I remember one time, in the second grade, Dad and I went fishing one morning - 5:30 AM early. We drove to the lake, and after a while of fishing,
I got bored because the fish hadn't starting biting, so I went walking out on a tree over the shoreline, and stopped at the end, over about five
feet of water. As I turned around to walk back.... I skipped and fell in with a giant "kerploosh!". On our way home, to get me into some dry clothes,
I told Dad I was so sorry for ending our fishing outing. He just grinned, and said that we were coming right back out, I just did us a favor and woke
the fish up. And we did go right back out, and caught at least a hundred nice bluegill and redears. I always admired how he handled situations -
I never forgot how cool he was that time.
Well, he always was. Another time, one afternoon, the fish weren't biting as we sat out in our 17 foot canoe, and I was still a youngster, and I got
fidgety. He looked at me, and asked me how high I thought the sky was. Well, that turned into a long, very interesting conversation about how if the
sky/universe ended, and if it did, well, what was beyond that end? And, sure enough, before we figured it all out, the fish started biting.
Before I got my first shotgun, in the fifth grade, he said they'd get me one, but I'd have to carry my bbgun when we went hunting, and I
had to always carry it per his safety rules. For that whole year in the 4th grade. Sure enough, I did, and I still have that old 12 gauge single shot today.
I've always learned a ton of cool things from my Dad - he always could make you laugh in his quiet way, and was always so very smart,
and knew the outdoors stuff like crazy. We fixed all our own cars over all those years. He could fix anything - he really could. He'd just figure it out,
and never once get tired of tackling fix it jobs.
And watching Browns games together all these years, I always knew I would take us to a Browns superbowl no matter what it would cost.
We went to a last Browns game, this year - preseason, tickets compliments of a great friend.
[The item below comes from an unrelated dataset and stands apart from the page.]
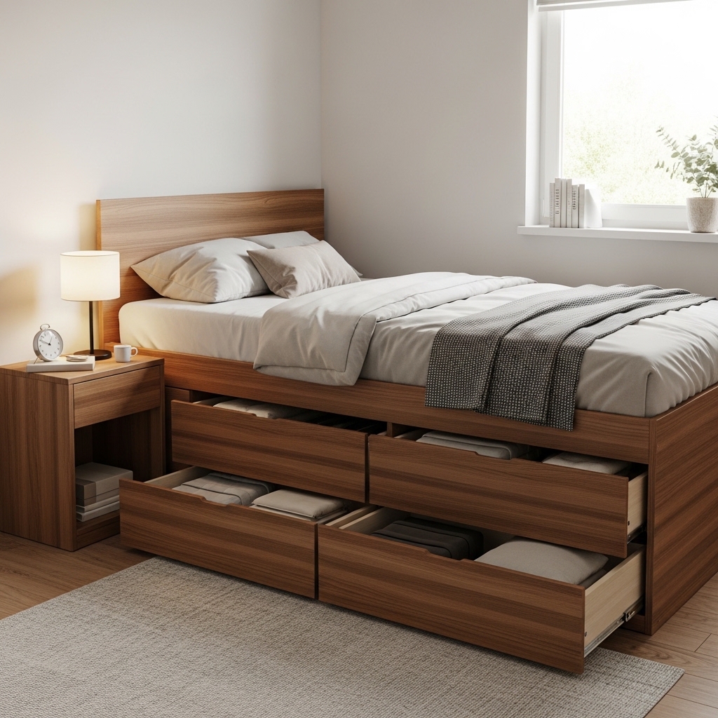 Pro Tip: Choose a bed with drawers on both sides. The storage doubles.

He had a tough time doing all the walking to the stadium and to
our seats, but simply joked about it the entire time.
We always dreamed how great that would be - going in person to that superbowl. All the lost years of wasted coaching picks, bad drafts, stupid personnel people.......
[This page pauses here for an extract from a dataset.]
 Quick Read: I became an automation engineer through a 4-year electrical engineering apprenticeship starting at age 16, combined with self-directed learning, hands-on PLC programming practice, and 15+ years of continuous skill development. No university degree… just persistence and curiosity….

and it's all gone now. I'll never go to one. That dream died tonight.
I have always admired him. We have always been friends in a huge way, me and Dad.
But tonight, after several bouts of cancer over the years, we lost him. Too many things hit him at one time, this time.
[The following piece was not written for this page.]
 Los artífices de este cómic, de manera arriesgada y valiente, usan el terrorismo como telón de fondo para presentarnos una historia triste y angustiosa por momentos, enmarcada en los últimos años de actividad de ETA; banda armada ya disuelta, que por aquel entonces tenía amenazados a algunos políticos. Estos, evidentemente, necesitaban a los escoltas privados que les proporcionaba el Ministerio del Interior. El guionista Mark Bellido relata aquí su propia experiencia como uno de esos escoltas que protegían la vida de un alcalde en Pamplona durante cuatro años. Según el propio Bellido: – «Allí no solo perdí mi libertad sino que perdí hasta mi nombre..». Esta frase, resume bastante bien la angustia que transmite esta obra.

There isn't one man on earth I would have wanted to be my Dad instead of him. He was 85 - a long time to hang in there, with us, watching the Browns every single
season. I'm a very lucky guy, but it doesn't make the heartbreak stay away.
Goodbye, Browns Super Bowl Dreams. One day, I'll see him again - and I'll tell him I'm ai sorry we never made those superbowl dreams come true.
And, sure enough, he'll grin at me, and talk about where the sky ends, if it does, until the fish starting hitting. Goodbye, Dad. Love you always and forever.